The Brief

Following the success and popularity of 3D (deployed by Inition) at MPH 05 and 06, MPH’07 producer Rowland French approached Inition for a new 3D extravaganza: ‘The GATSO Dragon’. MPH (now Top Gear Live) is a unique concept including a live theatrical car show, hosted by Jeremy Clarkson, Richard Hammond and James May.

Inition were briefed to produce a spectacular in-your-face 3D short film to be choreographed with on-stage action of The Stig (the mystery test driver) doing battle with the 3D Dragon.

Solution

Concept “The year is 2050, and the Government has gone mad. A small resistance of petrol heads do their best to fight Baby Blair’s army wherever they can. Leader of the resistance is The Stig; top of the Government’s Most Wanted, he roams like a road warrior battling traffic wardens and mobile speed cameras where he can.
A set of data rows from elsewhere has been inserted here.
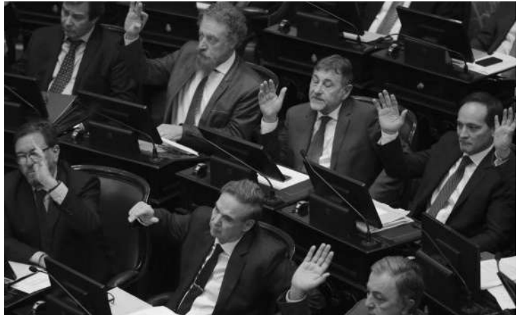
PICHETTO Y VARIOS MAS. LOS SENADORES OPOSITORES APROBARON LA NORMA

Pichetto dijo que a diferencia de lo que ocurrió cuando el presupuesto se trató en Diputados, "las masas de la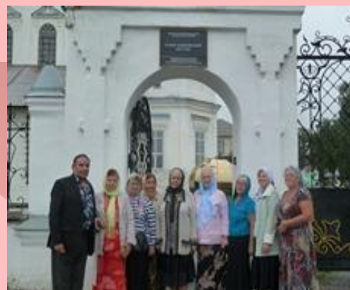
Ганина Яма • 13 человек - из села Сипавское; • 13 человек - из села Колчедан ; • 12 человек - из села Сипавское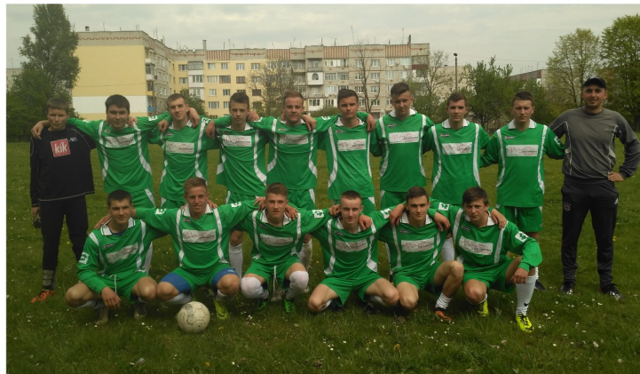
Футбольна команда учнів Червоненського ВПУ неодноразовий фіналіст спортивних ігор ПТНЗ Львівщини

In response to his success, the Government has designed a new type of mobile speed camera – something more frightening and devious than anything seen before: GATSO Dragon”.

Inition’s concept artists got to work for various treatments of the GATSO Dragon developing ideas and direction:

The Show– Inition provided a 3DVidBoxHD playback server, high-transmission polarising filters, a 40-feet-wide silver screen and over 100,000 pairs of 3D glasses for the show. Inition technicians supervised the 3D installation at the show and operated the playback for all 20 shows (to date).

Results

The 3D sequence ran flawlessly in every show.

We asked the client for some feedback on the MPH project and a quote for the story….

“Inition are brilliant; if you want the best 3D in the UK, you’d be mad to use anyone else”, said Rowland French, Producer of MPH 07.

Rowland went on to say: “Often the greatest working disappointments as a producer are when the reality of something bears little or no relation to what you had in your head. It’s easy to design giant fighting koala bears in your mind, but who is going to make them?

“The same sense of foreboding haunted me when I came up with the idea of making a giant 3D dragon to fight The Stig, live in the MPH arena. Not complex enough already, the dragon had to be from the future, with armaments to deploy in the scrap, armour to be blown off – and most importantly had to have enough character in its face and movement to almost be a ‘fourth presenter’.

“Inition were as excited as me about the idea, and organised plenty of artist meetings where we could discuss the dragons look. Once they had my barmy outline, they then started supplying their own drawings, and slowly the dragon in my head came to life on paper. Their seemingly limitless patience was never tested by my constant ‘eyes need to be further apart’ and ‘the wings should beat slower’ redesigns.

“When I finally sat down in their subterranean lair in East London, and watched the exact dragon from the middle of my head bob and flap in 3D in front of me, I was speechless. The dragon was all I could have hoped for, its movements were totally animalistic, its look perfectly well-worn futuristic. Jump to the first performance in Earls Court and The Stig tears around evading rockets and razor edged parking tickets, the audience ducking the stereo moments and jumping as the rockets cue with huge pyrotechnics on the floor. Inition had graced me with a beautiful baby dragon, and I was as proud a father as you could imagine.”